K9 and Company: A Girl’s Best Friend


Originally Transmitted – 28th December 1981

K9 and Company might be something of a guilty pleasure, but it’s a pleasure nonetheless.

When devising a spin-off series for K9, there were already two ready-made possibilities.  K9 Mk 1 was on Gallifrey with Leela, whilst K9 Mk 2 was journeying through E-Space with Romana 2.  Possibly neither Louise Jameson or Lalla Ward were interested in playing second fiddle to a tin dog, so this left the way clear for the return of Sarah-Jane Smith.

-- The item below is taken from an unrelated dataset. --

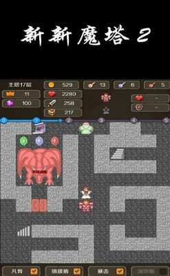 新新魔塔2破解版是一款人气超高的经典冒险手游,在魔塔背景下,玩家将开始一段神奇冒险的旅程,游戏以怀旧的画面风格和简单的操作使你在玩游戏的时候不禁陷入了它的世界,玩家需要运用各种战术和策略消灭妖怪、打开藏在深处的宝箱、收集关键道具,并且不断的向上攀登高塔,最终解锁新地带,每层怪物,陷阱和难题各不相同,需要玩家变换灵活的应对方式,并从中解出谜团。在游戏中玩家将扮演一名地牢探险者,在地牢中勇敢的进行探索冒险,击败每一层地牢中的怪物,获得更多的奖励来升级自己的角色经验以及装备,在后续的冒险之路中能够发挥自己最大的力量。对冒险类手游感兴趣的玩家快来下载试试吧!

Elisabeth Sladen is, of course, the main selling point of K9 and Company.  And although we didn’t know it at the time, this was essentially the first of a two part story (the second, School Reunion, would follow a mere twenty five years later).

A Girl’s Best Friend is an odd story.  It’s full of red-herrings and innocent people acting in the most suspicious way (in order to con us into believing that they’re wrong-‘uns).  Colin Jeavons and Bill Fraser liven up proceedings with some interesting performances that teeter on the edge of credibility (and Jeavons later topples over completely).

Given that a running thread through the story is the mysterious disappeance of Aunt Lavinia, it’s a little anti-climatic to find out that nothing at all has happened to her.  And the reason why Brendan (Ian Sears) should be lined up for sacrifice is a bit vague – unless it was explained and I just drifted off for a moment.

Terence Dudley’s novelisation managed to put some more meat on the bones of the story (just likes his novelisations of Black Orchid and The Kings Demons) which proved that there was a decent tale buried here, but it just didn’t quite come over on television.